2. The complaint alleges that defendants obtained a dominant share in the local newspaper field in the counties involved through acquisitions of competitors. This might raise questions under Section 7 of the Clayton Act (15 U.S.C. § 18) if the aggregate effect of such acquisitions "may be to substantially lessen competition" in interstate commerce. At present no dates, financial amounts, or other information about the claimed acquisitions, whether or not they were of otherwise failing companies, or how interstate commerce may have been affected are provided.[2]
Private suits to enforce Section 7 are authorized if significant actual or threatened injury to the plaintiff resulting from the alleged violation can be established. California v. American Stores, 495 U.S. 271, 110 S.Ct. 1853, 109 L.Ed.2d 240 (1990). Potentially disruptive remedies such as divestiture of completed transactions involving integration of ongoing business activities have never been granted in private suits under Section 7.
IV
Plaintiff's complaint is drafted in colorful terms and very explicitly focuses on any conduct of defendants directly affecting plaintiff. It is clear from even a superficial perusal of the complaint that any wrongdoing on the part of defendants which directly affected plaintiff in an adverse manner would have been fully described in the complaint. The complaint is deficient in regard to any actual or threatened injury to plaintiff flowing from any possible violations of federal law on the part of defendants. Such injury is required in order to pursue litigation. See Ass'n of Data Processing Service Organizations v. Camp, 397 U.S. 150, 153, 90 S.Ct. 827, 830, 25 L.Ed.2d 184 (1970); Allen v. Wright, 468 U.S. 737, 750-52, 104 S.Ct. 3315, 3324-25, 82 L.Ed.2d 556 (1984); General Fireproofing v. Wyman, 444 F.2d 391, 393 (2d Cir.1971).
There is deafening silence in that plaintiff's pleading concerning:
(a) any specific advertising placed by plaintiff with defendants for which plaintiff had to pay more than otherwise on account of any multipublication advertising requirements;
(b) any instance in which plaintiff abandoned any advertising because of such requirements;
(c) any additional costs incurred by plaintiff for advertising elsewhere because of such requirements;
(d) any other concrete, specific injury suffered by plaintiff because of any conduct of the types discussed in part III above.

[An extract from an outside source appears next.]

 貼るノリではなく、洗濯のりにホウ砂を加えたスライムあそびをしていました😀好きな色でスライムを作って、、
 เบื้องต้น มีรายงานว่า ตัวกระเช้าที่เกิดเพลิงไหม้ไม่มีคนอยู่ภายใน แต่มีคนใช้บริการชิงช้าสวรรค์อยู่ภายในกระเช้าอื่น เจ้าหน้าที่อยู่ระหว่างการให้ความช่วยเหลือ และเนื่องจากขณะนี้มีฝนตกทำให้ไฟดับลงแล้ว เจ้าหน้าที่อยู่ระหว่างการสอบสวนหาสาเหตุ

Where a party has direct knowledge about a matter known to be relevant to a civil suit in which that party is a litigant, and fails to *373 assert facts which if true would have assisted that party, the logical conclusion is that such facts do not exist. See Interstate Circuit v. United States, 306 U.S. 208, 225-26, 59 S.Ct. 467, 473-74, 83 L.Ed. 610 (1939); Caminetti v. United States, 242 U.S. 470, 495, 37 S.Ct. 192, 198, 61 L.Ed. 442 (1917); Brink's Inc. v. City of New York, 717 F.2d 700 (2d Cir.1983).
SO ORDERED.
NOTES
[1] See New York Times v. Sullivan, 376 U.S. 254, 84 S.Ct. 710, 11 L.Ed.2d 686 (1964).

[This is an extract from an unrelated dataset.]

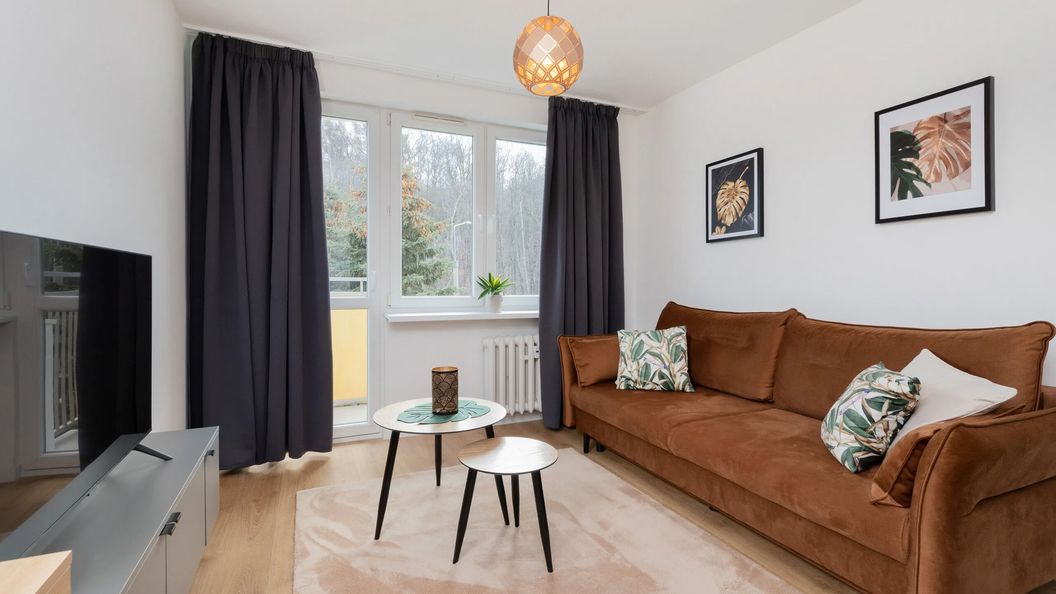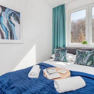 W pełni wyposażony apartament o powierzchni 37 m² może komfortowo ugościć do 4 osób. Jest to zarówno idealne rozwiązanie na rodzinny wyjazd, jak i dla grupy przyjaciół! Rozkład pomieszczeń obejmuje salon z aneksem kuchennym, sypialnię oraz łazienkę z prysznicem i toaletą. Przestronna część dzienna posiada do spania wygodną, podwójną sofę, a sypialnia - łóżko małżeńskie. Dodatkowo, do apartamentu przynależy niewielki balkon z widokiem na zieleń ogródka i osiedle. Nowoczesność wykończenia uzupełniają przydatne udogodnienia, takie jak piekarnik czy zmywarka. Multimedia obejmują telewizor z płaskim ekranem oraz bezpłatny dostęp do sieci Wi-Fi. Mieszkanie wyposażone jest także w podstawowe udogodnienia, takie jak żelazko, deska do prasowania, odkurzacz i suszarka do włosów. Na dobry początek każdego pobytu zapewniono bezpłatny zestaw kosmetyków, ręczniki i pościel. Wnętrze wykończone jest stylowo, z ciepłym drewnianym parkietem i unikatowymi dodatkami, które nadają mu indywidualny charakter. Apartament jest przyjazny pupilom, więc zapraszamy również gości podróżującymi ze zwierzętami.

[2] While Section 7 contains no time limit for challenging an acquisition, the lapse of time is relevant to what remedy, if any, is appropriate should a violation be found. Any adverse impact on economic activity which might be caused must also be taken into consideration. See California v. American Stores, infra; United States v. EI DuPont de Nemours & Co., 353 U.S. 586, 77 S.Ct. 872, 1 L.Ed.2d 1057 (1957) (DuPont GM); Markham, "The DuPont General Motors Decision," 43 Va.L.Rev. 881 (1957).